There’s no doubt the diet is healthy: one to two quarts of carrot juice each day mixed with barley green powder, lunch and dinner of raw salads with an occasional baked potato or brown rice. No meat. No dairy. No coffee. No sugar. And absolutely no processed food.

Doctors say the Hallelujah Diet, like other low-fat, high-fiber diets, may be good preventative medicine, but it won’t kill cancer cells.”I’ve seen no data whatsoever that eating fruits and vegetables will cure cancer,”said Joel Tepper, the chairman of the Department of Radiation Oncology at the University of North Carolina at Chapel Hill.

Tepper said studies have shown that most people who benefit from alternative therapies, such as diets, have also been treated by conventional medicine as well, so it’s hard to tell where the cure has come from.

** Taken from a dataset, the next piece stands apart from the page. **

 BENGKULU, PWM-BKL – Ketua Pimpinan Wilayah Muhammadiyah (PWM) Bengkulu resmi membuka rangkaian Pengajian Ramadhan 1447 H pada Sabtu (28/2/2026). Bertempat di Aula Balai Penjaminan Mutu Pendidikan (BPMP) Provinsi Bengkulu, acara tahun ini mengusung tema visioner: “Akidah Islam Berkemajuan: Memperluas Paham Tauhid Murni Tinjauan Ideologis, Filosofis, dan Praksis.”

The Rev. George Malkmus was converted twice in his life: first by Billy Graham in a 1957 crusade in New York City, and again by a Texas preacher, who introduced him to a radically natural diet in 1976. The first conversion made him a church pastor. The second has turned him into a health-food fundamentalist.

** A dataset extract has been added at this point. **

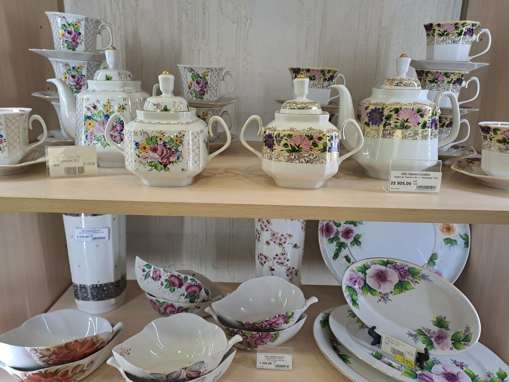 Это один из единственных магазинов сысерсткого фарфора. Цены там намного дешевле чем на маркетах, ярмарках. Много разного вида посуды, сервиса, фигурки.

Malkmus said he was pastoring a Baptist church in upstate New York in 1976 when he says a chiropractor told him he had developed a cancerous tumor in his colon. Malkmus says he could feel the tumor underneath his rib cage and found blood in his stool. But having watched his mother die of colon cancer after repeated rounds of chemotherapy and radiation, Malkmus, then 42, avoided the medical route. Instead, he sought out a Texas evangelist named Lester Roloff who had a reputation as a”health nut.”Roloff recommended a strict raw fruit and vegetable diet, including one to two quarts of fresh carrot juice each day.

He resigned from his church and devoted himself to health and healing. Within a year, Malkmus claims, his tumor was gone _ and so were his allergies, his hemorrhoids and his dandruff. He began a journey into the counterculture world of alternative health, becoming an organic gardener for the Shangri-La Health Resort in Bonita Springs, Fla., and a few years later bought 50 acres of mountain land in Tennessee, where he lived as self-sufficiently as he could. He pumped water from a spring and used a compost instead of a flush toilet.


Malkmus said he felt great but was discouraged when he tried to reach Christians with his newfound recipe for health.”My preacher brethren turned a deaf ear to me,”Malkmus said.”I said, `This message goes back to God. It’s in the Bible.’ I wrote a book, but nobody wanted to buy it.” In part, that may have been because Malkmus’ convictions were so radical. The author of”The Hallelujah Diet”refuses to see a physician, has not owned health insurance in 23 years and says all pharmaceutical drugs _ including vitamin supplements _ are toxic and may be addictive. As for childhood vaccinations, his latest newsletter suggests they are unsafe.

But in 1992, Malkmus bought a small restaurant in Rogersville, Tenn., and started selling fresh juice and salads. The restaurant was an instant success, and in time, people began listening to Malkmus’ message and buying his books, and his ministry began growing. Two years ago, he moved his operation to an old Bible college in Shelby. He now owns a 23,000-square-foot cinder-block building and 17 acres he wants to farm _ Hallelujah Acres.

The diet minister won’t say just how much Hallelujah Acres is making. He says he doesn’t earn a salary from the ministry and lives off his book royalties and the”love offerings”churches give him when he speaks.

But clearly, the diet sells. Hallelujah Acres employs 25 people who staff the phones and ship his books, tapes, videos, jars of barleygreen and juicers all over the world.”If this ever gets out _ if we get on `Oprah’ or `Larry King Live’ _ we wouldn’t even be able to keep up with it,”he said.”This is literally going to change the world.”